> [What the task requires]
Transcribe exactly the lines from the one holding "4. Ze wordt" through the closing line of the entries below. Pictures stay out of the copy.

> [Study material]
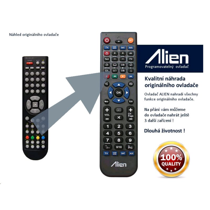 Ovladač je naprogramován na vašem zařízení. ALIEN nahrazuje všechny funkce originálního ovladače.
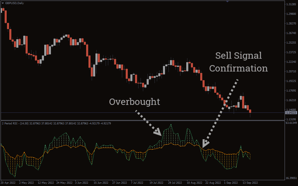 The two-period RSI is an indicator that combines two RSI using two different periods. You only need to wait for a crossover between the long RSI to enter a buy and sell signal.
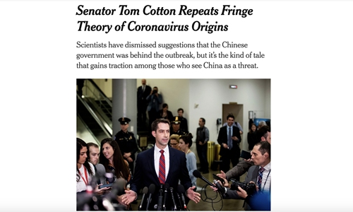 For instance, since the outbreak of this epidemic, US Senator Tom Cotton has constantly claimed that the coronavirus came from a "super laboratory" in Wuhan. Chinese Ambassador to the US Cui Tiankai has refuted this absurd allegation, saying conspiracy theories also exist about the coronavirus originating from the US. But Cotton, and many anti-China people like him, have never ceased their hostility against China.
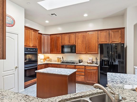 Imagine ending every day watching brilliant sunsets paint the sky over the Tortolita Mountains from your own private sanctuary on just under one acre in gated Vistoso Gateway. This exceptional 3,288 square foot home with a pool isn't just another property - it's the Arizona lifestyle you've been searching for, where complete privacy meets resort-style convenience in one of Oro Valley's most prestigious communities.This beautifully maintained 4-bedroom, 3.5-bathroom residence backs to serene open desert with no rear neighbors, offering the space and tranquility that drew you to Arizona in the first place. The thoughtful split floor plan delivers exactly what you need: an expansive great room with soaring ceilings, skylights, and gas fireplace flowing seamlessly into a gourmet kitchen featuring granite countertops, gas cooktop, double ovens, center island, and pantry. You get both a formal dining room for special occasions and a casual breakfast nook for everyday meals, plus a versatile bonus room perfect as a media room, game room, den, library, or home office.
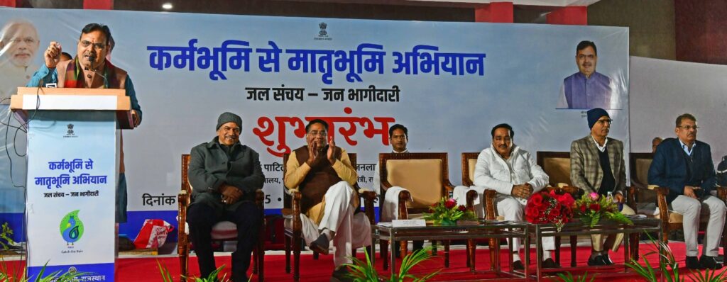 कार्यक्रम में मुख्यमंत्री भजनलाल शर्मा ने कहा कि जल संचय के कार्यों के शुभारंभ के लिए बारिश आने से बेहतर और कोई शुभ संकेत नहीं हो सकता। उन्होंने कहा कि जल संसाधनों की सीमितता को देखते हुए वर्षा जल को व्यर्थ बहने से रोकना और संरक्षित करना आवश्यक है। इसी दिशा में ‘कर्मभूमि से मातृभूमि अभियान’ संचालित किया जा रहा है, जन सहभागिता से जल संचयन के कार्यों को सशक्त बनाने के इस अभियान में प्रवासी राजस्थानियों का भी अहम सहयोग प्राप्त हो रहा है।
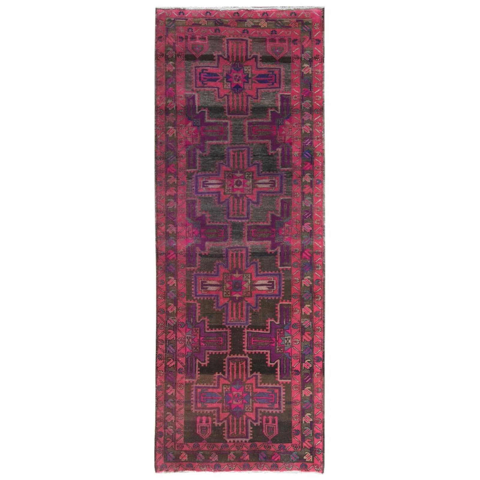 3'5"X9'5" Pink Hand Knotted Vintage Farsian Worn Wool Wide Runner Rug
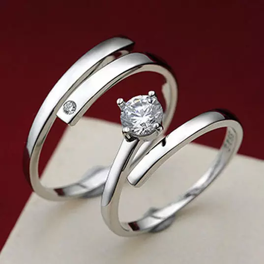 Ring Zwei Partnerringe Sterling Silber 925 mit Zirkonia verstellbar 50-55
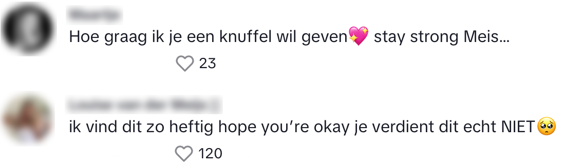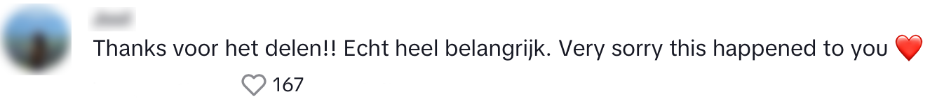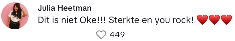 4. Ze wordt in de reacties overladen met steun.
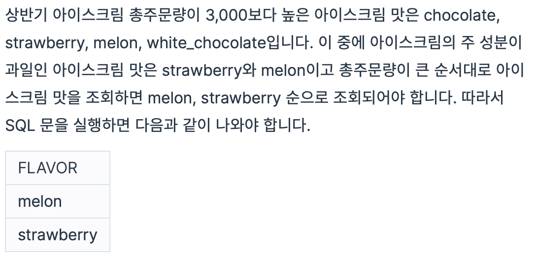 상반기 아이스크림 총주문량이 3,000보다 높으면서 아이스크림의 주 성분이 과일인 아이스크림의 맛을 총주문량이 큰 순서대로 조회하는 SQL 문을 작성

> [Written solution]
 4. Ze wordt in de reacties overladen met steun.
 상반기 아이스크림 총주문량이 3,000보다 높으면서 아이스크림의 주 성분이 과일인 아이스크림의 맛을 총주문량이 큰 순서대로 조회하는 SQL 문을 작성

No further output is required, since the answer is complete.